China may well still be headed for a soft landing but a "structural slowdown" in GDP growth has even previously optimistic economists uneasy.
"We're optimistic about growth in the region," said T.J. Bond, Emerging Asia economist with Bank of America-Merrill Lynch, in a briefing on the sidelines of the firm's New China conference in Beijing on Wednesday. "[But]I'm more worried about my outlook on China growth than I have been in several years."
Among the troubling indicators in China are high-profile debt crises in the cities of Wenzhou and Ordos, the former a traditional entrepreneurial centre, the latter a town rich on natural resources which built an entire adjoining city of luxury apartments and shops that remains largely uninhabited.
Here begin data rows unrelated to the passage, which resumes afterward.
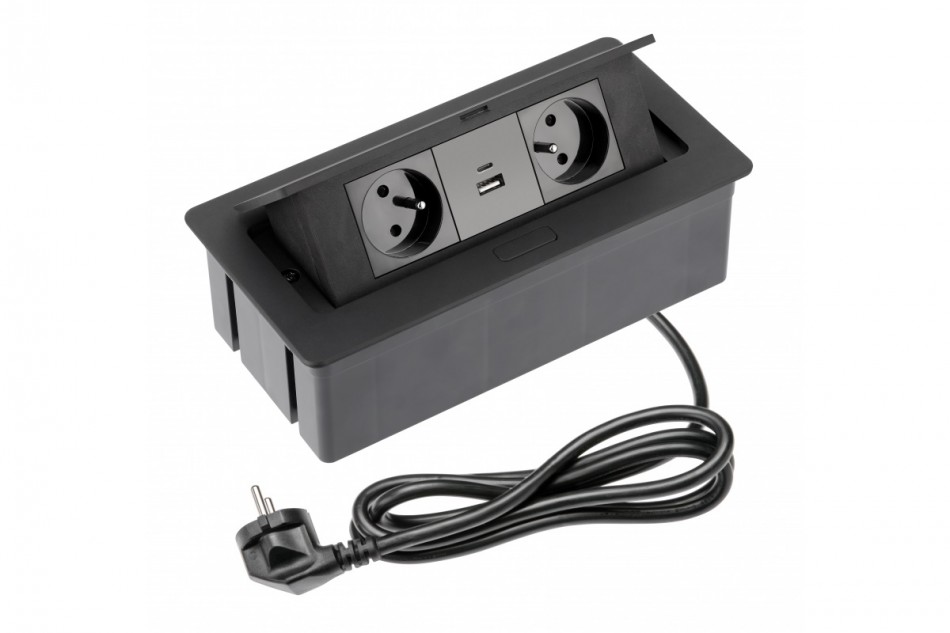 Zásuvka rozbočovací 2 x kulatá a 2 x USB stolní, výklopná - ...
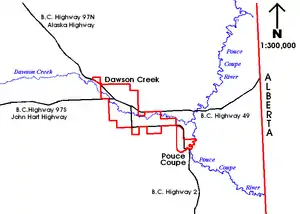 ![]() Dawson Creek Location of Dawson Creek ![]() Dawson Creek Dawson Creek (Canada) | |
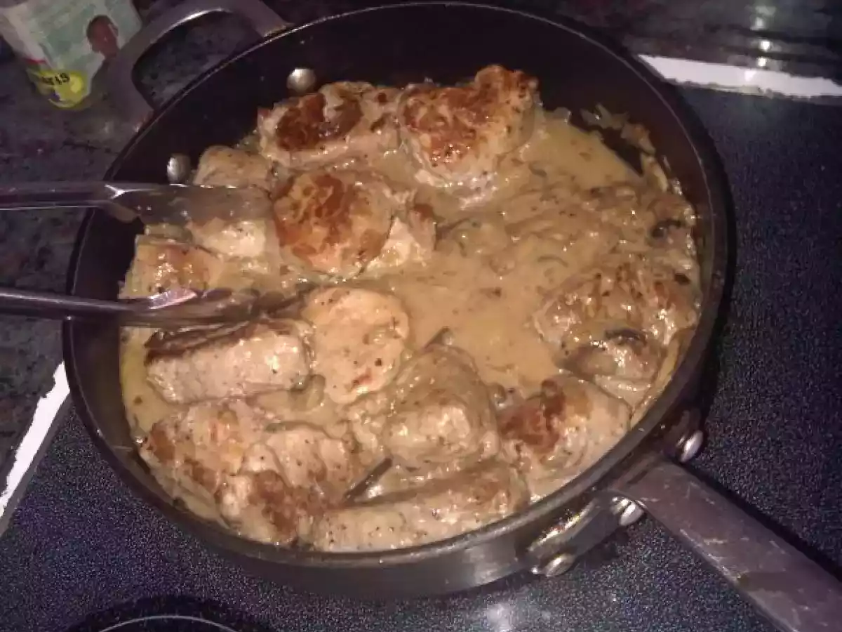 Cerdo en salsa de hongos y marsala PlatoMedio50 min782 Kcal Enviar esta receta a un amigo Imprimir esta página Preguntar al autor Publicar la foto de esta receta Ingredientes 4 2 lbs de lomo de cerdo, en medallones 2 cucharadas de aceite de oliva 2 cucharadas de mantequilla 1 cebolla mediana, en trocitos 12 oz de hongos frescos, lonjeados 2 cucharadas de harina ½ taza de Marsala 1 ½ taza de caldo de pollo 4 cucharadas de crema de leche ¼ taza perejil, picadito Costo estimado: 9.1Euros€ (2.27€/porción)
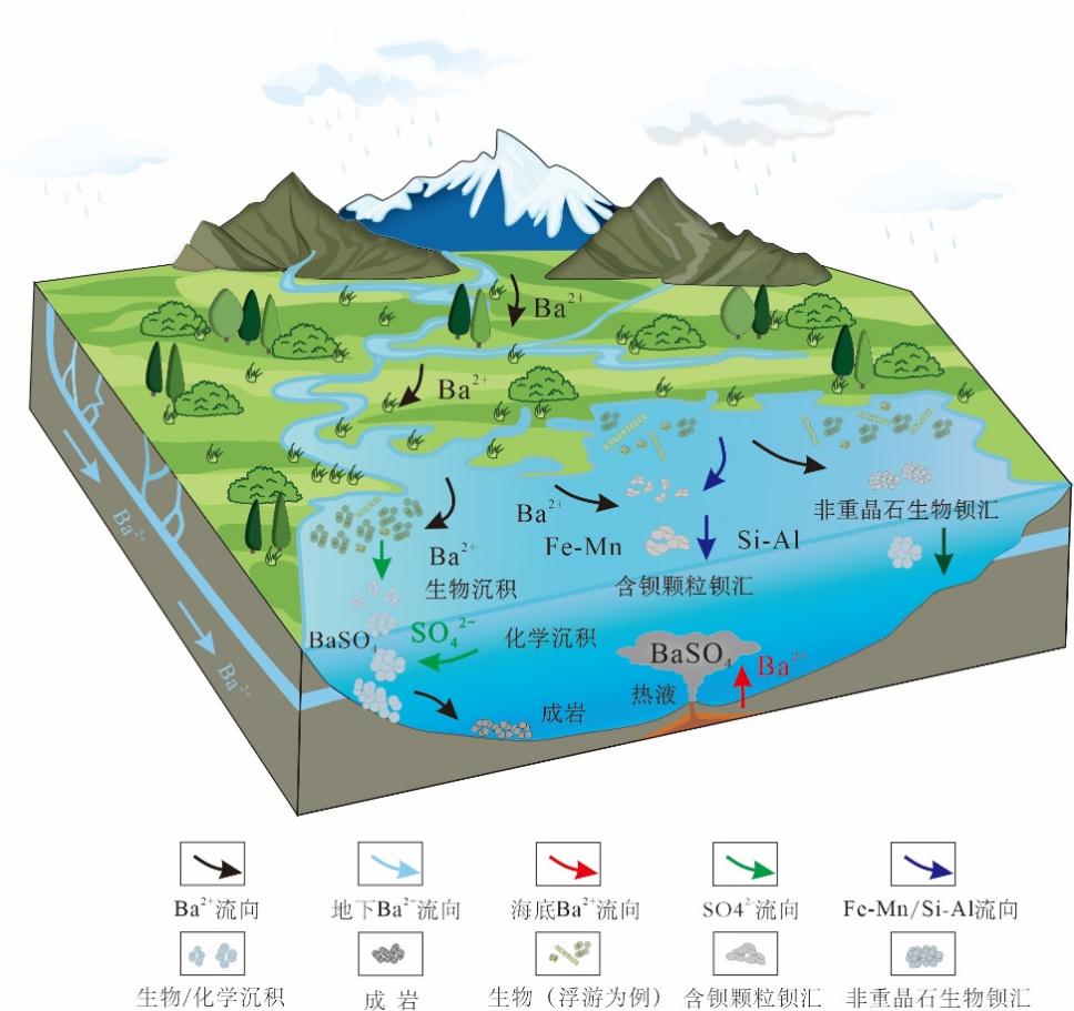 本文基于钡元素及其同位素的地球化学特征,系统阐述了钡在地球各圈层的储库分布与循环机制:海洋钡循环受陆源输入、热液活动及生物过程协同驱动—生物代谢释放形成动态“源”,陆源与热液物质沉降埋藏形成“汇”,源与汇的动态切换维持了钡循环的持续运转(图2)。研究进一步揭示,重晶石作为钡的主要汇聚形式,可分为沉积型和成岩型,其形成机理、通量及分布特征为示踪古环境提供了关键依据(图3)。

Tightened bank lending in both cities has driven loan seekers to private lenders, whose unpayable rates have bankrupted dozens of businesses and driven many entrepreneurs either underground or abroad.
The firm's analysts maintain these are relatively isolated cases and China is not on the verge of its own subprime crisis. But tightened bank lending and its impact on the economy is one factor in their lowered predictions for Chinese GDP growth, now sitting at 9.2 per cent for 2011 and 8.6 per cent next year, the lowest such numbers in a decade.
Also pushing those numbers down is the expected impact of Europe's debt crisis on sales of Chinese exports; Asian export growth overall is expected to drop by half to just over 10 per cent next year.
"We don't think there's going to be a hard landing but clearly China's economy will be growing at a slower rate than at any time in the last decade," Mr. Bond said.